A former Indiana high school student is asking the Supreme Court to take up a case involving an anti-abortion flyer and student free speech rights in public schools. Attorneys want the high court to clarify Hazelwood v. Kuhlmeier (1988), a 38-year-old ruling that gave schools the ability to restrict speech occurring within a “school-sponsored expressive activity,” as long as the restriction is reasonably related to a legitimate educational concern.
Hazelwood allows schools more control over speech than the standard established under the 1969 case Tinker v. Des Moines Independent Community School District. That standard applies to most other student speech and says public schools can only restrict speech if they can show it will cause a substantial disruption or material interference with school activities or invade others’ rights.
The Indiana student, identified in the lawsuit as E.D., argues that Tinker, not Hazelwood, should apply in her case because her speech occurred in the context of an after-school club, not as part of a class.
In 2021, E.D. started a chapter of Students for Life of America at Noblesville High School and wanted to advertise the club’s first meeting with flyers. E.D. used a template disseminated by the national organization, which included pictures of students holding signs that read “Defund Planned Parenthood” and “I Am the Pro-Life Generation.”
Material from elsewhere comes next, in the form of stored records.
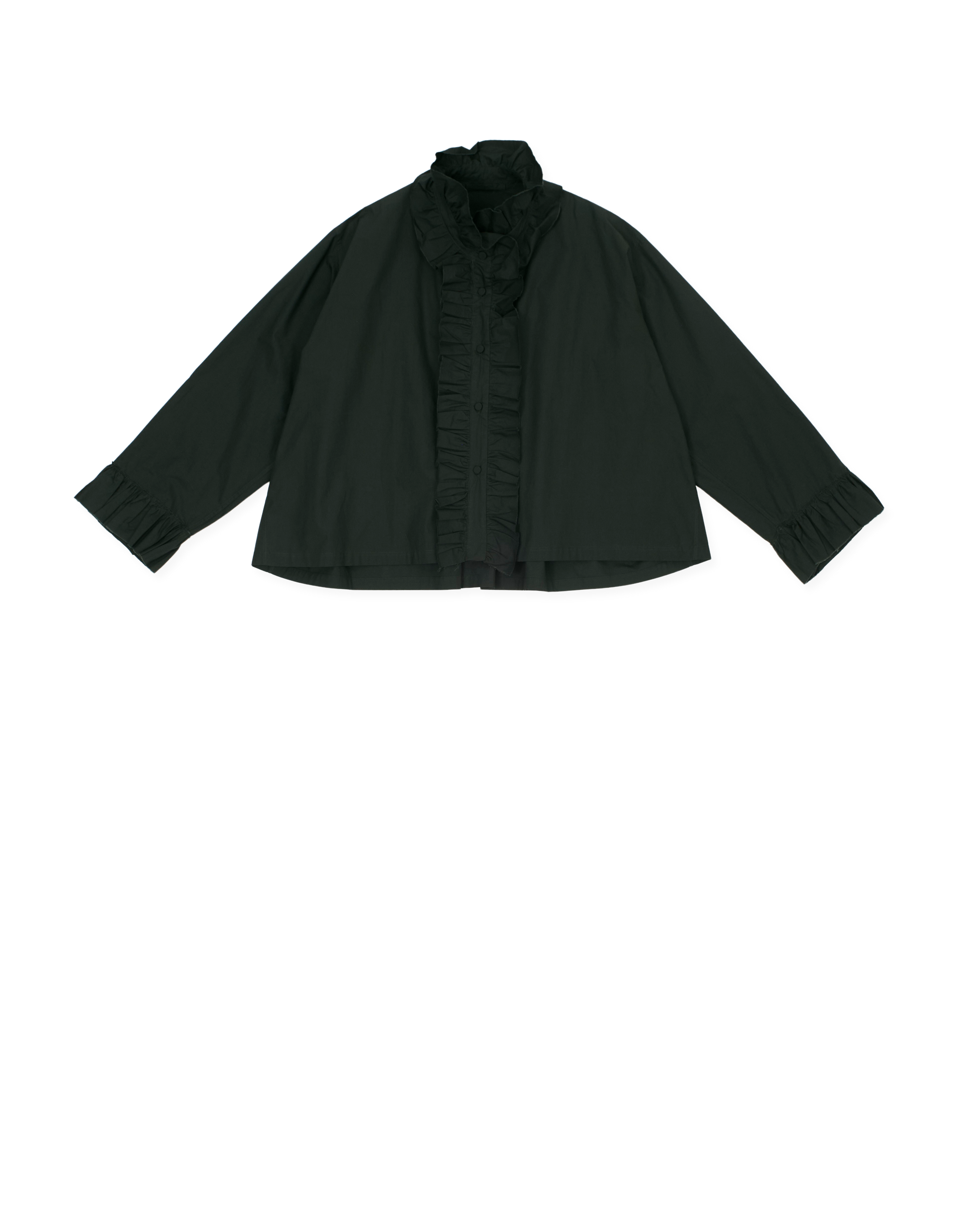 samphire cropped shirt, ruffle cuffs and hem, shorter front, drop shoulder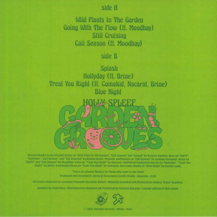 Milan's Funclab are back with the debut album from Leonardo Passanti aka HollySpleef, a 28 year old producer (and skater and gardener) from Emilia-Romagna, Italy. The eight tracks featured on Garden Grooves take in a wide selection of moods and, well.. grooves. Improvisational jazz fuses with ambient, hip- hop, house and dub. From the blunted summertime urban bliss of 'Going With The Flow' featuring vocals by Moodhay, as well as the glitch-hop of 'Splash', to the emotive late night deep house of 'Hollyday' and the sensual bass music of 'Treat You Right' - it's best enjoyed in you lawnchair.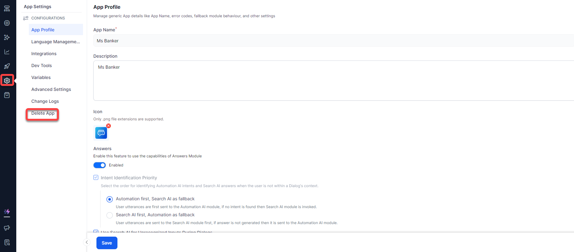 The Delete App option allows you to delete your App. To delete your app, follow the below steps: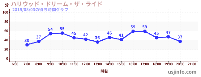 • ハリウッド・ドリーム・ザ・ライド$B$N(B2019年08月03日の待ち時間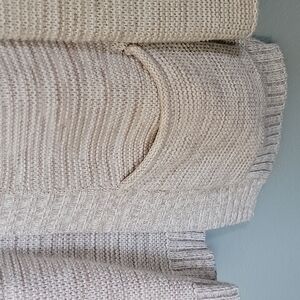 Cream heathered with tan. I am 5'3 and the sleeves were long on me. Has pockets towards the bottom. Minimal signs of wear. Fabric does stretch. Casual, lounge, weekend, brunch, office, workplace, neutral, fall, autumn, minimalist

School officials rejected the flyers and told E.D. to post ones with only the meeting information to comply with the school’s “unofficial custom” for wall postings, saying the inclusion of the photos, alongside information about the club’s meeting location and time, made the flyers political in nature.
In 2022, E.D. and her parents sued the school district, saying it violated her rights under the First Amendment and the Equal Access Act. Two lower courts held that the club’s flyers could be viewed as content endorsed by the school and applied the more school-friendly Hazelwood standard.
E.D.’s lawyers say the Hazelwood decision has “produced a patchwork of constitutional protections,” meaning E.D.’s case could have a different outcome depending on how a court is interpreting the precedent. They noted there are three interpretations of Hazelwood: One says it applies whenever an outside observer might think the school endorses the speech in question. The second says it applies only to school-organized activities, including after-school clubs. The third says it applies only to speech occurring within the classroom and curriculum.
E.D.’s petition asks the Supreme Court to clarify this “deep, longstanding circuit split” and further argues that the court should adopt the third (and most speech-protective) interpretation.